You are viewing a plain text version of this content. The canonical link for it is here.
Posted to issues@flink.apache.org by "Xintong Song (Jira)" <ji...@apache.org> on 2020/12/17 09:40:00 UTC

[jira] [Comment Edited] (FLINK-20646) ReduceTransformation does not work with RocksDBStateBackend

    [ https://issues.apache.org/jira/browse/FLINK-20646?page=com.atlassian.jira.plugin.system.issuetabpanels:comment-tabpanel&focusedCommentId=17250920#comment-17250920 ] 

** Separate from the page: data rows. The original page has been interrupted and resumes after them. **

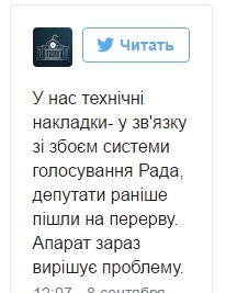 "У нас технические накладки - в связи со сбоем системы голосования Рада, депутаты ранее ушли на перерыв. Аппарат сейчас решает проблему", - сообщается на странице парламента в Twitter.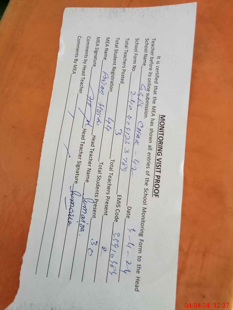 | Attendance Register | Head Teacher | MEA with School | Visit Proof |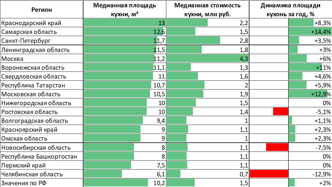 При этом можно заметить, что площадь кухонь растёт в субъектах, где она уже превышает средние показатели по стране. Обратный процесс наблюдается в регионах с маленькими кухнями: наиболее сильное падение зафиксировано в Челябинской области (-12,9%).

Xintong Song edited comment on FLINK-20646 at 12/17/20, 9:39 AM:
-----------------------------------------------------------------

I think this bug reveals two problems.
* Absence of common abstraction for "stateful transformations". Relying on various concrete transformation implementations to maintain the key selectors and declare the memory use case is fragile. New transformation implementations can easily overlook them, which is what's happening now.
* Lack of testings. I'm wondering how this problem escaped from our release testing. Reduce operation + RocksDB state backend should not be a that rare case. Obviously we don't have test coverage for such scenarios.

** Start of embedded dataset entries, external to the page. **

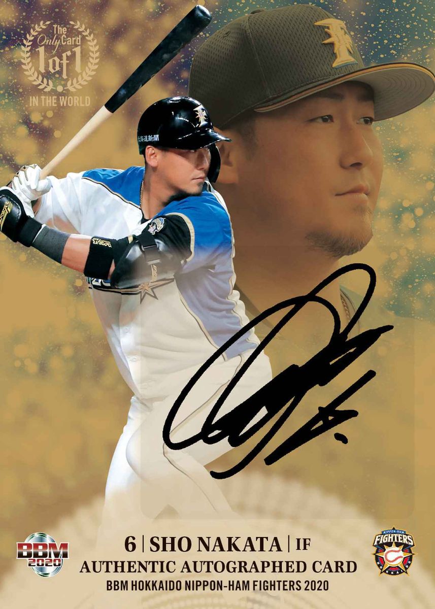 金色に輝き、かつ重厚感のある1of1マークは全チーム共通ですが、少しずつデザインが異なっています。今回のファイターズはとてもきれいで驚きました。特に中田選手がお気に入り。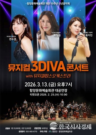 한국시사경제 김숙영 기자 | 함양문화예술회관은 오는 3월 13일 오후 7시 신년 음악회 ‘뮤지컬 3DIVA’ 콘서트를 개최한다.
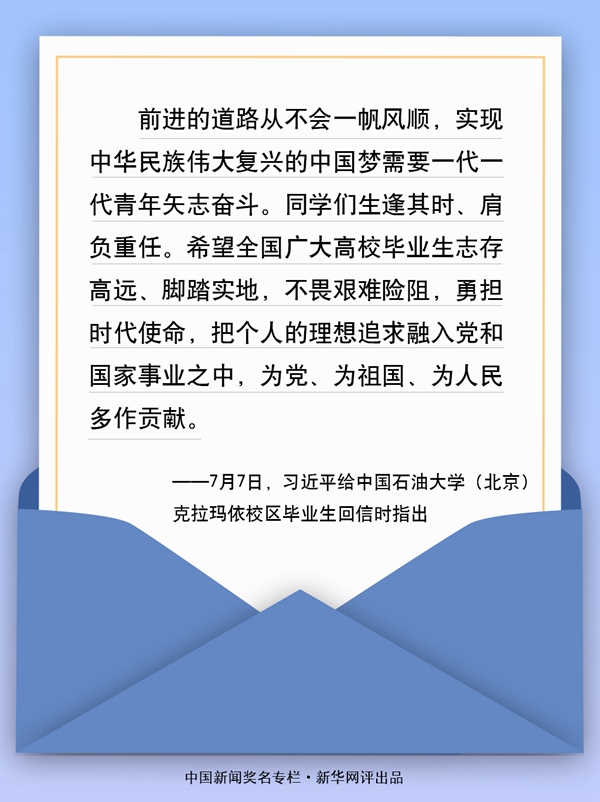 近日,中國石油大學(xué)(北京)克拉瑪依校區(qū)的118名畢業(yè)生給習(xí)近平總書記寫信,匯報了大學(xué)四年學(xué)習(xí)和思想上的收獲,表達(dá)了扎根西部、建設(shè)邊疆的堅強(qiáng)決心。總書記回信肯定他們到邊疆基層工作的選擇,并對廣大高校畢業(yè)生提出殷切期望。

As for a quick fix, we can simply call {{updateManagedMemoryStateBackendUseCase}} in {{ReduceTransformation}}. I reviewed the type hierarchy of {{Transformation}} and do not see other sub-classes with this problem. 


was (Author: xintongsong):
I think this but reveals two problems.
* Absence of common abstraction for "stateful transformations". Relying on various concrete transformation implementations to maintain the key selectors and declare the memory use case is fragile. New transformation implementations can easily overlook them, which is what's happening now.
* Lack of testings. I'm wondering how this problem escaped from our release testing. Reduce operation + RocksDB state backend should not be a that rare case. Obviously we don't have test coverage for such scenarios.

As for a quick fix, we can simply call {{updateManagedMemoryStateBackendUseCase}} in {{ReduceTransformation}}. I reviewed the type hierarchy of {{Transformation}} and do not see other sub-classes with this problem. 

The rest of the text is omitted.